DESCRIPTION OF THE TASK ::
Of the records that follow, copy only the lines from the line containing "2017重庆小升初语文练习:修改病段(2)" to the line containing "The Meygan® Top", both included, exactly as written.

*** Opening THE RECORDS ***

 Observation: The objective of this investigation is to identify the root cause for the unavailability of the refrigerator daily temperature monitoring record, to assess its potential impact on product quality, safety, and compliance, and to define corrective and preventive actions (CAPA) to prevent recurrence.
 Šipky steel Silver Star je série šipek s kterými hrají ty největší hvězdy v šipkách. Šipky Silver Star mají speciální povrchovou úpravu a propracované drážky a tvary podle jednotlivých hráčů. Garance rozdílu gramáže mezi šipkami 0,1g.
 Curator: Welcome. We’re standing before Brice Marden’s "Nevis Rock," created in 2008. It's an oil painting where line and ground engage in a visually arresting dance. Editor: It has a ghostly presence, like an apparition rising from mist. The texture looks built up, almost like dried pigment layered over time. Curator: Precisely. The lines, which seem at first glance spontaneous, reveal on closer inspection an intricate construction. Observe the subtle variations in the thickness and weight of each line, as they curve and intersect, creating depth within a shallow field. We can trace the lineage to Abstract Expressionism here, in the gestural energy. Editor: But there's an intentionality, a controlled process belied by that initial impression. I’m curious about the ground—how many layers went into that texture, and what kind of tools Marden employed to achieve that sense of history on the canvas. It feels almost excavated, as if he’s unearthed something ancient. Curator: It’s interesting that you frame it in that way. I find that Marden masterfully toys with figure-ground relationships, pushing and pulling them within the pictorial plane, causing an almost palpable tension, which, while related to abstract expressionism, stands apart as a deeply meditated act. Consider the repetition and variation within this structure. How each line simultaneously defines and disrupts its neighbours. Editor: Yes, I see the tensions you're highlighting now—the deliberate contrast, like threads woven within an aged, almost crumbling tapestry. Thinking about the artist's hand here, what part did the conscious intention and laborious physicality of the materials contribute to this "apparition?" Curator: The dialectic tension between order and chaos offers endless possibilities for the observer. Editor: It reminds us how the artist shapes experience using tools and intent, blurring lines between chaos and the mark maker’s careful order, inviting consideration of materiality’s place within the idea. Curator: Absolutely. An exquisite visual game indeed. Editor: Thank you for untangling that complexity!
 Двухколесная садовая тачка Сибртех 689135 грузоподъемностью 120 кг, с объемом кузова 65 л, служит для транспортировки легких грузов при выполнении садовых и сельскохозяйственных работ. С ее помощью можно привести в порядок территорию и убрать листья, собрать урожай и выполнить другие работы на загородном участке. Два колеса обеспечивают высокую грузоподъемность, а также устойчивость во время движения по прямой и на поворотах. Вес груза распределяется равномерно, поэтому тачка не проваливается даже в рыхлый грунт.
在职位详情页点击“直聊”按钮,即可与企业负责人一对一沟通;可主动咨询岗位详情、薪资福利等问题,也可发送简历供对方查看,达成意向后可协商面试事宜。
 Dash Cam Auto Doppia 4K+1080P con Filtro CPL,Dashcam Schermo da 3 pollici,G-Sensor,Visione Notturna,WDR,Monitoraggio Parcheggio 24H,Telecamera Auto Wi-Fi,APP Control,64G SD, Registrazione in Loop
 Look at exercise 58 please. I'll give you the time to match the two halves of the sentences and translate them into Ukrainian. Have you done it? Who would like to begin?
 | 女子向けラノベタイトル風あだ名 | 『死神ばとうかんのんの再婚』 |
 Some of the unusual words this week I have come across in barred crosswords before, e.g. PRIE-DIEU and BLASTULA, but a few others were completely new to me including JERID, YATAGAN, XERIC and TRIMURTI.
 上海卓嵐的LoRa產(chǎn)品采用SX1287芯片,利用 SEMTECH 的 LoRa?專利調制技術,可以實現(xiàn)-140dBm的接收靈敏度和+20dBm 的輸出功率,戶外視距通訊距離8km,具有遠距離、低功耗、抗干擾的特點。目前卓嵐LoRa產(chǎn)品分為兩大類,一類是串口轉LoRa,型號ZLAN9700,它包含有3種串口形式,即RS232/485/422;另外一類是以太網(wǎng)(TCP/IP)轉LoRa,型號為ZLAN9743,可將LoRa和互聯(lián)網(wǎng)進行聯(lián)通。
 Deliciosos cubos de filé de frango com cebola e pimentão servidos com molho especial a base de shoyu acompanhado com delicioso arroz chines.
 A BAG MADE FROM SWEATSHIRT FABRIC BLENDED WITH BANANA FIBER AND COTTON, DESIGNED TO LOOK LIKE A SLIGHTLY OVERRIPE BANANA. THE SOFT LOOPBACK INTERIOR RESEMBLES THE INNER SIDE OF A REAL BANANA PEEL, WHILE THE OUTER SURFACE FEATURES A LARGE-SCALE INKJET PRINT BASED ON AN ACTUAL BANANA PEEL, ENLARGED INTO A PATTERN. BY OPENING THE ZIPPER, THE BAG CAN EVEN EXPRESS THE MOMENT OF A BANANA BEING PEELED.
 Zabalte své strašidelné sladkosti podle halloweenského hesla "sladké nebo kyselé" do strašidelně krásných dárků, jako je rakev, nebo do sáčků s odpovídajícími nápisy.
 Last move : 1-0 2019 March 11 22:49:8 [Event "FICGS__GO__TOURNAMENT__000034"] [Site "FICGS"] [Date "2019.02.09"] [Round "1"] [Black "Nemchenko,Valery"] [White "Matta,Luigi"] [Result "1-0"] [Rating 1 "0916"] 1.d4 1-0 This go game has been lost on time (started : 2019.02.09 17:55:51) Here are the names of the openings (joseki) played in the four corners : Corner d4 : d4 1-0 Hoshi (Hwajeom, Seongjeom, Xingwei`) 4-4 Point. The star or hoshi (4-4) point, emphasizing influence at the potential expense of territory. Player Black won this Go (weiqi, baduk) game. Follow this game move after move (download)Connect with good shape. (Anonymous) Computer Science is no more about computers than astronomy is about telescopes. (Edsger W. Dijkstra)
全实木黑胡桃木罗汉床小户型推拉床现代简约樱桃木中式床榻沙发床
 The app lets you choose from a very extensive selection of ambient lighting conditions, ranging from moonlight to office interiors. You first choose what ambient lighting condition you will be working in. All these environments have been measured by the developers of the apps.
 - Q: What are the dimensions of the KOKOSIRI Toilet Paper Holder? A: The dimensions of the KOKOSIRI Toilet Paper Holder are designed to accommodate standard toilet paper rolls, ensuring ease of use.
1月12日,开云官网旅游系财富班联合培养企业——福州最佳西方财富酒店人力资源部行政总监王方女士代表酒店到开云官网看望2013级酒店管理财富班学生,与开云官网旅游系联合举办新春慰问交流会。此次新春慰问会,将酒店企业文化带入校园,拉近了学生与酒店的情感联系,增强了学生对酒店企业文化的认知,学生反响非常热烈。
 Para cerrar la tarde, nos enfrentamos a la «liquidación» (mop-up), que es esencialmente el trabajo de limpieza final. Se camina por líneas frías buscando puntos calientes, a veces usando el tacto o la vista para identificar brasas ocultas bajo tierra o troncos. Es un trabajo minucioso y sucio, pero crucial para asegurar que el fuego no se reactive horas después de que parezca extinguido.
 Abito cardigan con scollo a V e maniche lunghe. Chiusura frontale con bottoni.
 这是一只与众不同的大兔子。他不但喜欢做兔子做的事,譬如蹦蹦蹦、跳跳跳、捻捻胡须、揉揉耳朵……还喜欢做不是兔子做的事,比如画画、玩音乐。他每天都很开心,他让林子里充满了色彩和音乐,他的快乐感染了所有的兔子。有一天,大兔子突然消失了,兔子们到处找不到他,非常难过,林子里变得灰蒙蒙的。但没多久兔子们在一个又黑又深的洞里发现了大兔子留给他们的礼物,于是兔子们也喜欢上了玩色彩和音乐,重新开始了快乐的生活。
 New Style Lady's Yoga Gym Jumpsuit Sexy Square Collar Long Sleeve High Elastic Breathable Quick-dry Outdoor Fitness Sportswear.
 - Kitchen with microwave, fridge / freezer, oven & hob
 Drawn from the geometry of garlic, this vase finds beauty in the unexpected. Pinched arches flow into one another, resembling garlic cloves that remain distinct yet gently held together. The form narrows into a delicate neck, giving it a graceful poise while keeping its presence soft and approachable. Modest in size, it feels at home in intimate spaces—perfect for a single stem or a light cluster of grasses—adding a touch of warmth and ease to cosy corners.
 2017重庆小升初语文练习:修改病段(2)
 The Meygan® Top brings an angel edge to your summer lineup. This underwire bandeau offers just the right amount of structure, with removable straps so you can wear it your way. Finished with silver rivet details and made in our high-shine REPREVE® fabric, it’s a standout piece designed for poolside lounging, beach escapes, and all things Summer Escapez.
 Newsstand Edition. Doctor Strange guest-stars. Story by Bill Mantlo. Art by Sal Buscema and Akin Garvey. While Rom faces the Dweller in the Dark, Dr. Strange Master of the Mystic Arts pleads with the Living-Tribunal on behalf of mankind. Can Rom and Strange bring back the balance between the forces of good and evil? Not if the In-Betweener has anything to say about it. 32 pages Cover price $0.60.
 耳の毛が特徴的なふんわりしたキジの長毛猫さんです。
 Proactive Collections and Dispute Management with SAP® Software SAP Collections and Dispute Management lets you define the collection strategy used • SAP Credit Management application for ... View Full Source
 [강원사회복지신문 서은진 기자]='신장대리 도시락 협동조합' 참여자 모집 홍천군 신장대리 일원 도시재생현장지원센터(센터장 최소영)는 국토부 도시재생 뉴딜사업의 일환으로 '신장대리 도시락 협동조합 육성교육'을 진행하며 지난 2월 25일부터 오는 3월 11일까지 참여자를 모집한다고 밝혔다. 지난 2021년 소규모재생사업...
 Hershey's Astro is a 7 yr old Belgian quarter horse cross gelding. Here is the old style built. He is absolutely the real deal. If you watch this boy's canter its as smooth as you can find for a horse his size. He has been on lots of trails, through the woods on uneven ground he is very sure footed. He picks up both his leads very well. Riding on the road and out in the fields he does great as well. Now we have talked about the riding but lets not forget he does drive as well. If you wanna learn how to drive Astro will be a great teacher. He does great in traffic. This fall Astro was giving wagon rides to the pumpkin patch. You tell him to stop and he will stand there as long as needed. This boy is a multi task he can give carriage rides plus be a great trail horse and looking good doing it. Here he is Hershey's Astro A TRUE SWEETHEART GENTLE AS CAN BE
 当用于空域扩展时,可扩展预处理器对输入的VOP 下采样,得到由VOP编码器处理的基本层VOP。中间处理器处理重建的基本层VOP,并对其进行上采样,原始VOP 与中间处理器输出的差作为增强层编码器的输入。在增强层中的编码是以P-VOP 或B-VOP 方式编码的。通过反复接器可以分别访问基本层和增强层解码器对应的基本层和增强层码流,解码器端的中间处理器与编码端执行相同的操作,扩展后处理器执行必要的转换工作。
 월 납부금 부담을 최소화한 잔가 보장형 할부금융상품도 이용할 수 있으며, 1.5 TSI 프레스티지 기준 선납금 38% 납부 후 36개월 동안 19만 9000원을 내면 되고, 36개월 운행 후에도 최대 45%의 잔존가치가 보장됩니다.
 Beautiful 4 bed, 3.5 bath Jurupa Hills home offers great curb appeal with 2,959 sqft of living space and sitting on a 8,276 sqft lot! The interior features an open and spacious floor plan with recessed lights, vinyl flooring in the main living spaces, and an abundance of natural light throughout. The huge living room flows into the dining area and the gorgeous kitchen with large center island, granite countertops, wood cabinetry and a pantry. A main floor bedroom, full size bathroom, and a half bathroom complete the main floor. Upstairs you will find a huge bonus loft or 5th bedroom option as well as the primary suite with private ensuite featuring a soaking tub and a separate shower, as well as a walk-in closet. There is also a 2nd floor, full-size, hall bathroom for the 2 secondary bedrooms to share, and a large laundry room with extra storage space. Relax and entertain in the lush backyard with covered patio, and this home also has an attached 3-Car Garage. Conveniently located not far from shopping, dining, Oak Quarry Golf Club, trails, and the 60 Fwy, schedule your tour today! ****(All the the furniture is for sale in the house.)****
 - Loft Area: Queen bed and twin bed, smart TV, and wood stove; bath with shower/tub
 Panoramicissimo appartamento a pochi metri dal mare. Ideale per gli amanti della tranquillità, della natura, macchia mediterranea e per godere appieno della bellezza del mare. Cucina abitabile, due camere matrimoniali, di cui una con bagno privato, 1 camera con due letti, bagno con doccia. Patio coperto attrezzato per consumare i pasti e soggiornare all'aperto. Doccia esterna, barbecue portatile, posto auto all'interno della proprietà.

*** Closing THE RECORDS ***

TASK RESPONSE ::
 2017重庆小升初语文练习:修改病段(2)
 The Meygan® Top brings an angel edge to your summer lineup. This underwire bandeau offers just the right amount of structure, with removable straps so you can wear it your way. Finished with silver rivet details and made in our high-shine REPREVE® fabric, it’s a standout piece designed for poolside lounging, beach escapes, and all things Summer Escapez.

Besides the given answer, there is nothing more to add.